「ここ数年でトータルで30人近くが離農」「補助金があってもハードルは高い」脱サラしたコメ農家(39)が語るコメ作りの現実と怒り「コメの高騰は完全に政府のミス」
「ここ数年でトータルで30人近くが離農」「補助金があってもハードルは高い」脱サラしたコメ農家(39)が語るコメ作りの現実と怒り「コメの高騰は完全に政府のミス」

農林水産省は3日、備蓄米放出に向けた15万トン分の初回入札を10~12日に実施すると発表した。備蓄米放出の背景には異常高値が続く米価がある。

価格がここまで高騰した理由をめぐる取材では、北関東の農業県・栃木でも貴重な証言を次々と得た。♯6の前半に続き、25歳で脱サラして専業のコメ農家に転身した岡田伸幸さん(39)に話を聞いた。 

「なりたい人はまだいます。でもハードルが高い」

コメ作りで累積1億円の借金を抱えるも、昨今はようやく少しずつ利益も出るようになったというコメ農家の岡田さん。彼に近況や、備蓄米放出について聞いてみた。

「単年のマイナス額も5万円とか10万円とかそのくらいで『惜しいっ』みたいな感じになってきて。米価に左右されるので毎年ではないですが直近ではなんとか年収400万円くらいになり、コメの価格が高騰した去年は600万円くらいまで増えました。やっぱり嬉しいですよ。

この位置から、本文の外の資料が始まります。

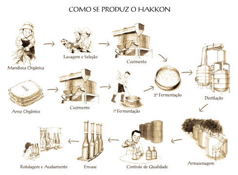 A marca Hakkon mescla a mandioca ao arroz para produzir o primeiro shochu nacional. Com a proposta de ser um produto 100% organico, Hakkon oferece dois tipos de destilados, um com 35% de graduação alcoólica e outro com 25%. É comum encontrarmos shochus com graduação alcoólica mais baixas que outros destilados.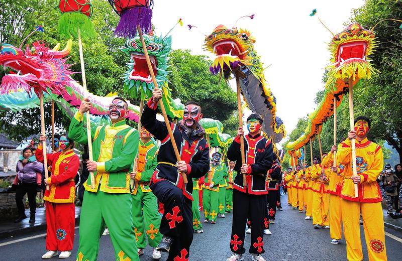2月5日,锦屏县隆里古城举行“花脸龙”传统民俗展演活动,吸引不少游客和市民前来观看。据悉,隆里“花脸龙”迄今已有600多年的历史,是贵州省级非物质文化遗产。舞“花脸龙”时,舞龙队成员脸上用颜色画上五彩脸谱,一条舞动的“花脸龙”就如同一出流动的戏剧。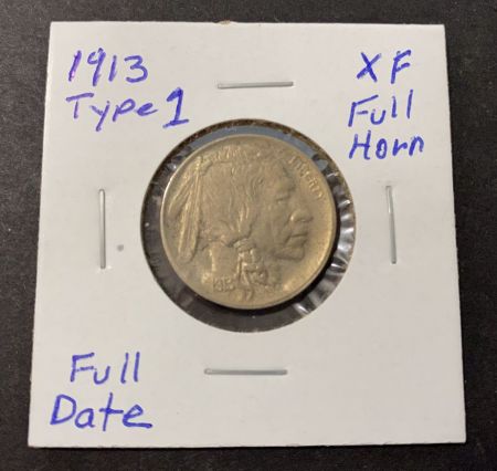 1913 Type 1 Raised Mount Buffalo Nickel, full date, full horn 1913 Type 1 Raised Mount Buffalo Nickel, full date, full horn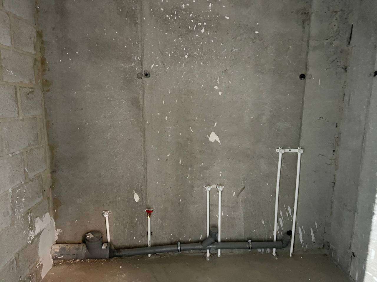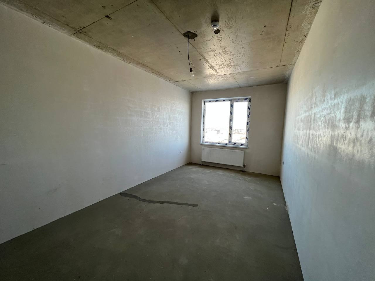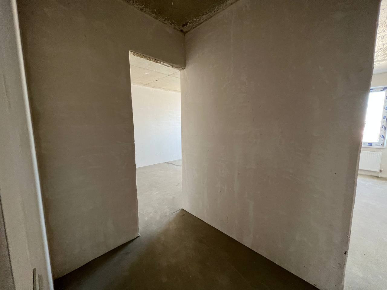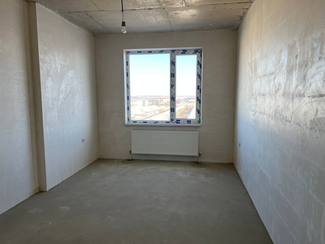 Квартира с предчистовой отделкой: стены оштукатурены, установлены котел-колонка, радиаторы отопления, розетки, выключатели, приборы учета.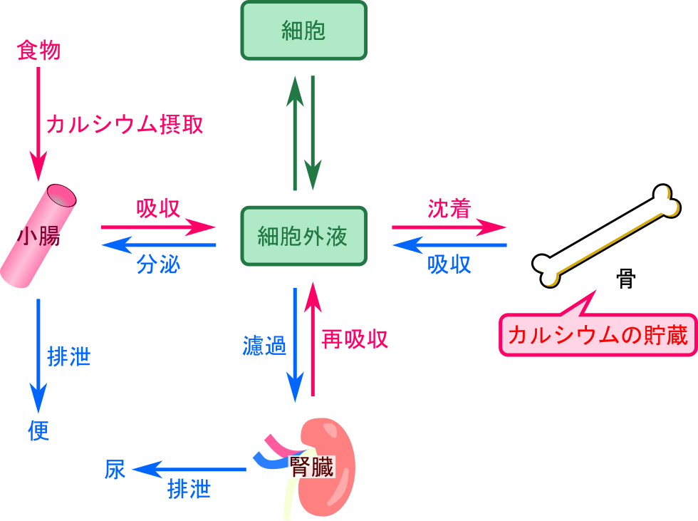 食物中のカルシウムは一部が消化管を通じて吸収されますが、取り込まれなかったカルシウムはそのまま便中に排泄されます。また、消化液や剥がれ落ちた消化管粘膜細胞に含まれるカルシウムも便中に排泄されます。Ca2+ として取り込まれたカルシウムは細胞外液中や細胞内に一定濃度で存在し、骨にも沈着して分布することになります。骨は体内のカルシウムの大部分が分布しており、身体を支えるだけでなくカルシウムの貯蔵装置としての役割も担っています。余分なカルシウムは腎臓で濾過されて尿中に排泄されますが、一部は再吸収されます(図 3)。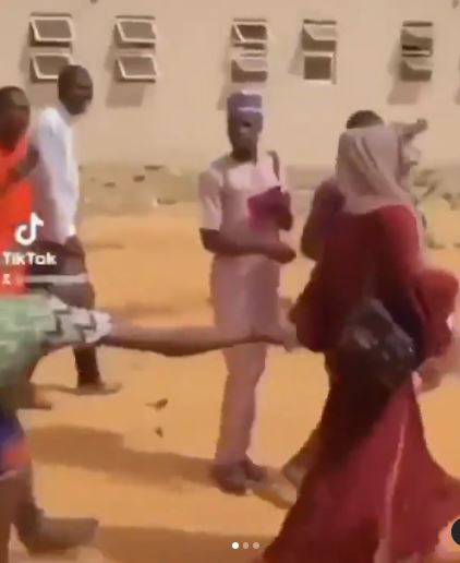 In the video which has since gone viral, the students were seen dragging the cloth of the female student, shouting “mai Abaya” at her.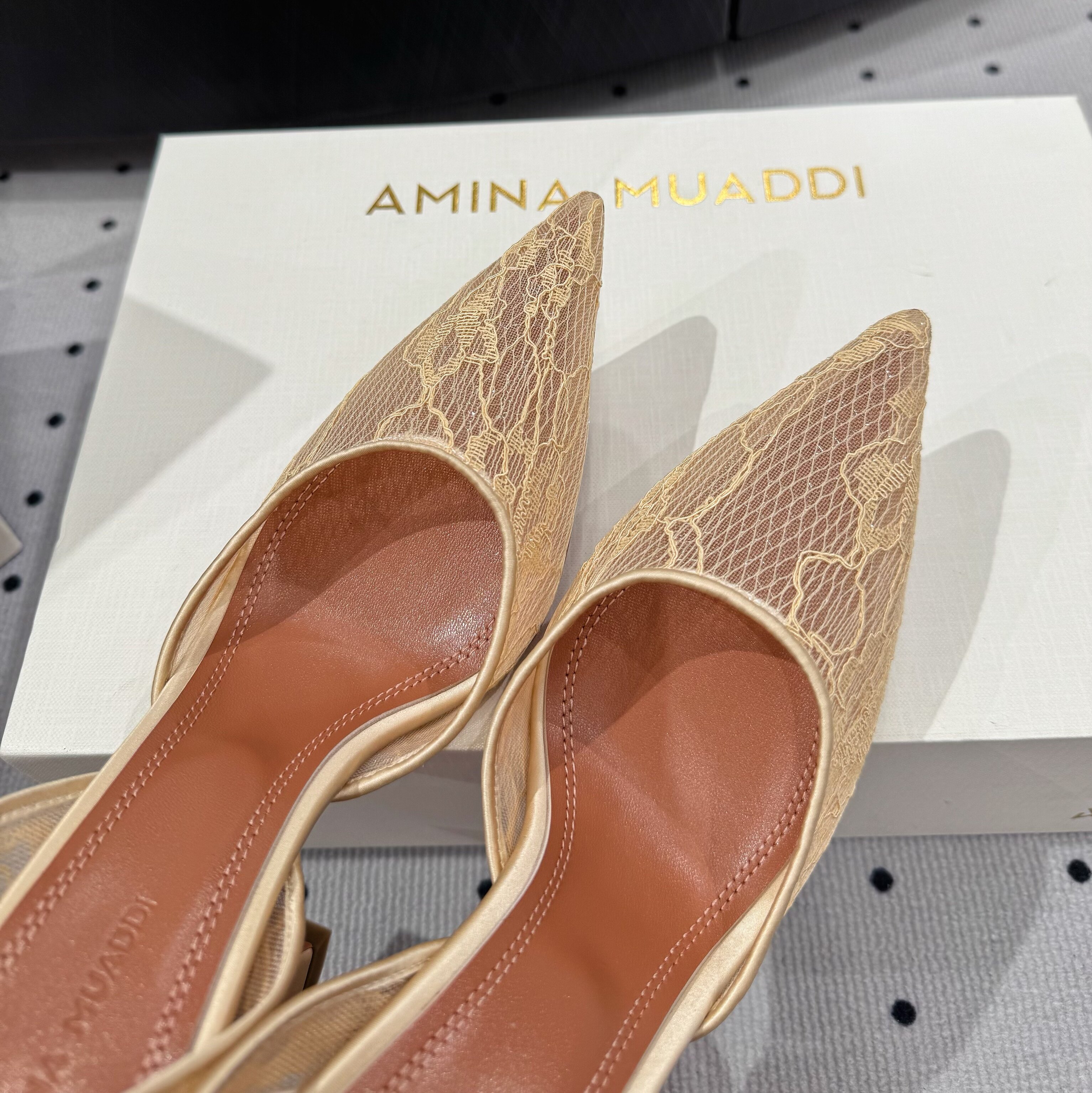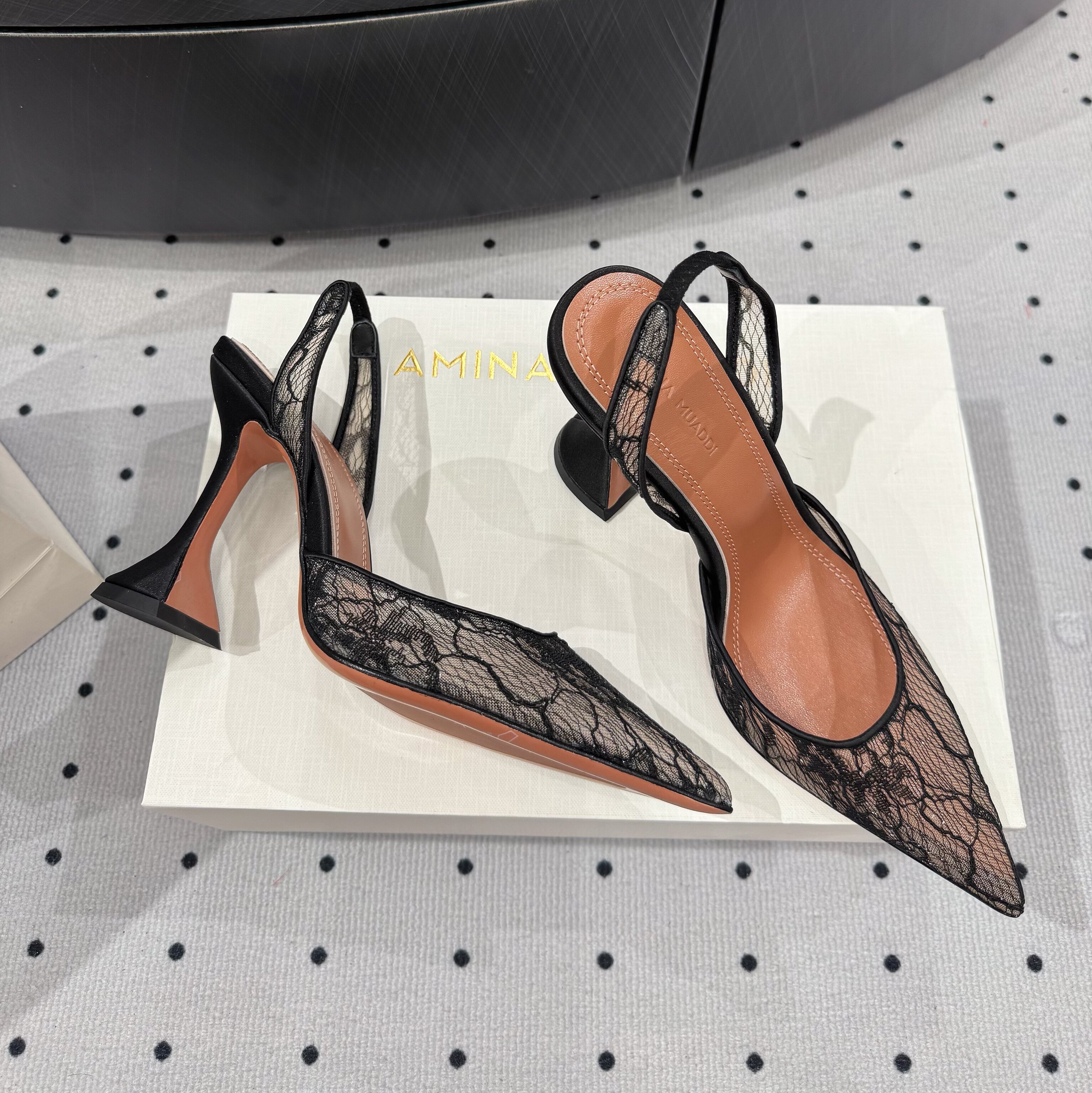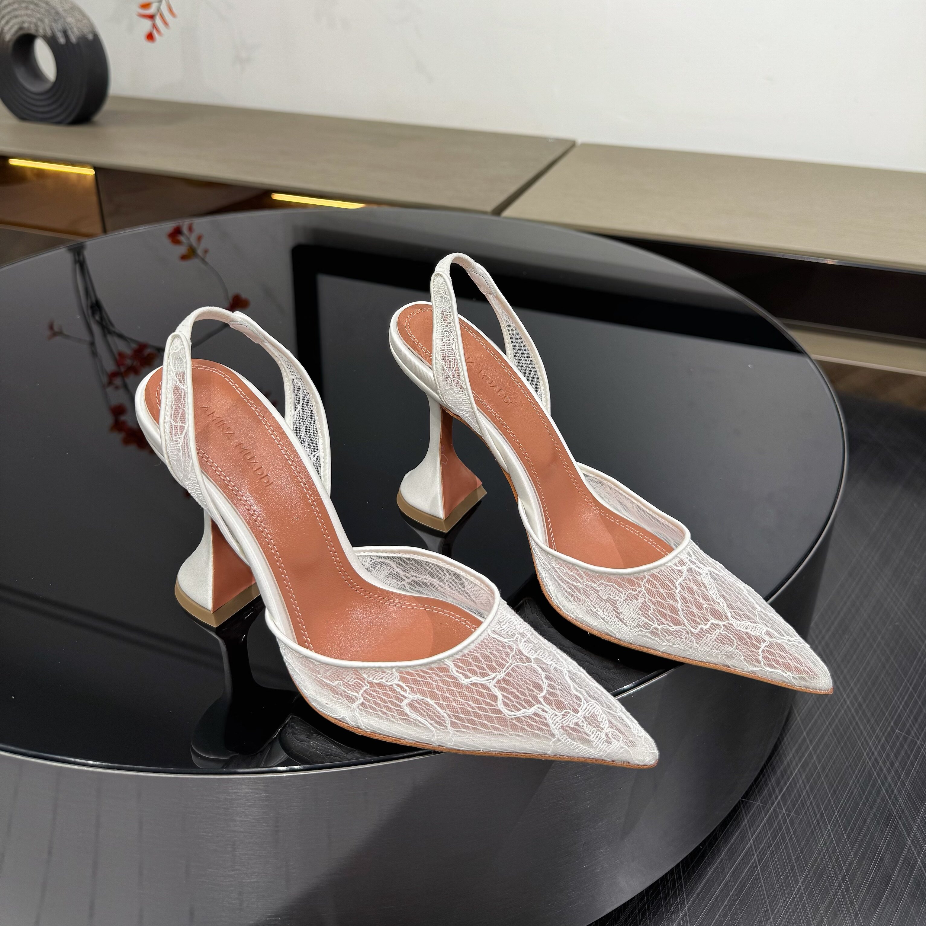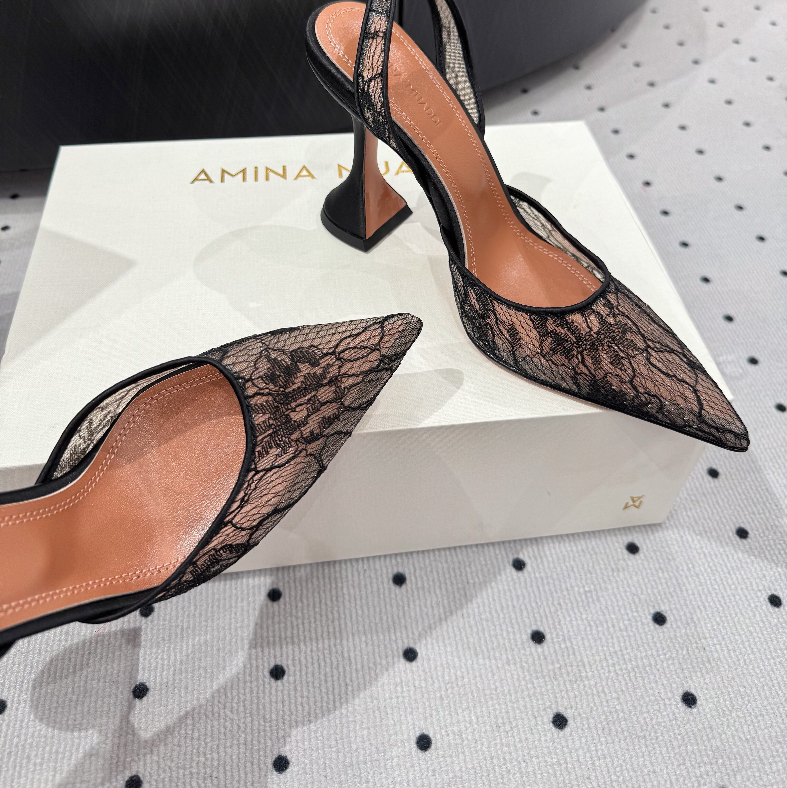 Amina Muaddi New Lace Mesh Sexy High Heels European and American Export Pointed Toe Wine Glass Heel Wedding Shoes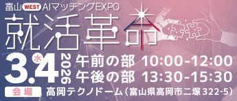 令和8年3月4日(水)に高岡テクノドームで開催されます富山WEST「AIマッチングEXPO-就活革命」に参加します。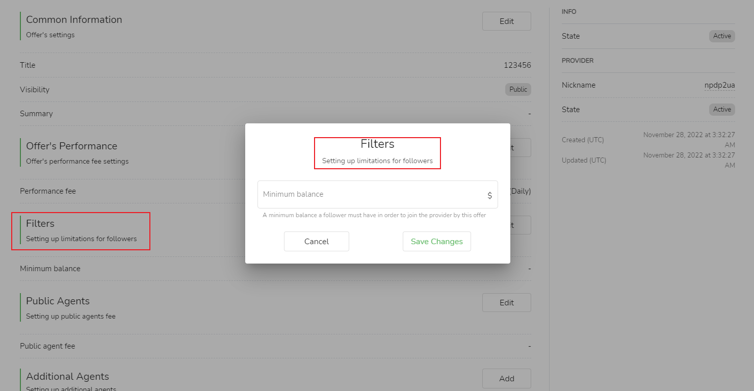 Presentar y promover:La fuente de la señal puede establecer una tarifa de presentación y promoción, que se paga en forma de porcentaje. Tenga en cuenta que el enlace de unión de la fuente de señal a continuación solo se puede agregar después de completar la configuración de la tasa de pago de la tarifa de promoción específica.
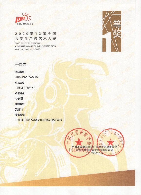 继动漫制作技术专业在2019-2020年度广东省职业院校学生专业技能大赛(高职组)动漫制作赛项中荣获省赛一等奖的优异成绩之后,我校数字媒体技术专业群在大学生广告艺术大赛的省赛和国赛、全国高校数字艺术设计大赛、广东省大学生印刷创意设计大赛、上海国际大学生广告节等省级以上比赛中频传佳音。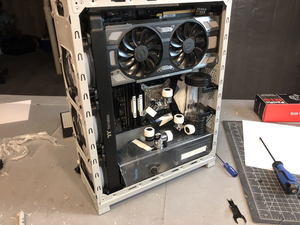 The build is now complete! Its hard to explain the challenges of the build since most of it gets covered by other components. For most of this build process I was working with mere millimeters to get parts like the reservoir to fit under the gpu.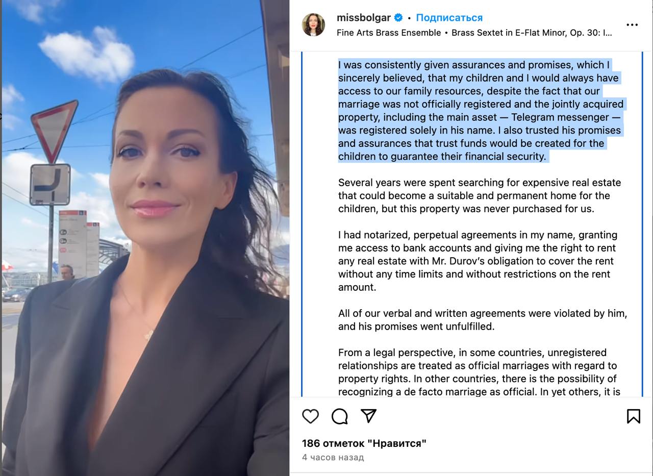 "Наш шлюб офіційно не був зареєстрований, а спільно нажите майно, включаючи основний актив – месенджер Telegram – було зареєстровано виключно на нього. З юридичної точки зору в деяких країнах незареєстровані відносини розглядаються як офіційні шлюби щодо майнових прав. В інших країнах існує можливість визнання фактичного шлюбу офіційним. По-третє, можливо претендувати на частку спільно нажитого майна відповідно до цивільного законодавства", - пише Болгар.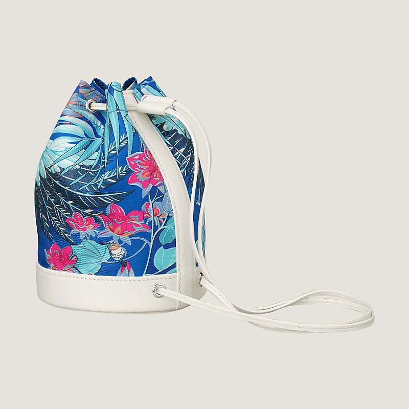 Hermes sport-chic bag in "Flamingo Party" printed silk and Swift calfskin. Woven silk strong shoulder strap

備蓄米が放出されたとしても今年に関しては、去年と同じくらいの価格で推移するのかなとは思っています。またいつ価格が落ちるのかわからないですが、今くらいの価格であればやっていけるんですけどね。

あと僕みたいに脱サラしてコメ農家をやりたいって人は想像以上に多いし、実際にやり始めている人も周囲にいます。40代で脱サラしてコメ農家を始めたものの『何をやっても黒字化できない』という相談も受けますし、『あなたのところで働いて、どうやって黒字化したのか体験してみたい』と来られた方もいました」

コメ農家を志望する他業種の若手も少なくないが、参入障壁も依然として高いという。

「過去最高にコメ農家は減少していると言われていますが、なりたい人はまだいます。でも、やっぱり色々ハードルが高いんですよ。農機具を購入するための補助金はあっても、さまざまな条件を課されます。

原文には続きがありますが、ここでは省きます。